We retrospectively analyzed 373 adult patients with chronic hepatitis B infection. Patient demographics, hepatitis B markers, antiviral treatment, laboratory parameters, results from liver imaging and histology were recorded. Patients were divided into 2 groups according to their FIB-4 levels and their hazard ratios for developing hepatocellular carcinoma were analyzed adjusted for age, sex, body mass index, alcohol consumption, and antiviral medication.

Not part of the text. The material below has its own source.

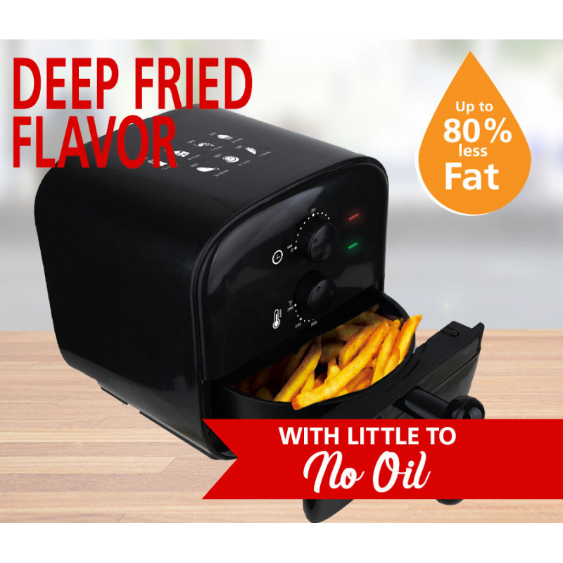 Freidora de aire eléctrica pequeña de 1 litro y potencia de 700 vatios fríe rápida y uniformemente con poco o ningún aceite.Haga crujientes papas fritas, aros de cebolla, alitas de pollo, verduras asadas y más.

Median follow-up was 8.7 years (range 1–21.3 years), 93% of patients were of non-Asian origin, and 64% were male. Compared with patients with a low FIB-4 (<1.25) patients with FIB-4 ≥1.25 showed a hazard ratio for incidence of hepatocellular carcinoma of 3.03 (95% confidence interval (CI): 1.24–7.41) and an adjusted hazard ratio of 1.75 (95% CI: 0.64–4.74). Notably, 68% of patients with liver cirrhosis and 68% of those who developed HCC during observation had a low FIB-4 (<1.25).

We could not confirm that a FIB-4 value ≥1.25 is a reliable clinical indicator for incidence of hepatocellular carcinoma in predominantly non-Asian patients with chronic hepatitis B. Further studies in geographically and ethnically diverse populations are needed to prove its utility as a predictive tool.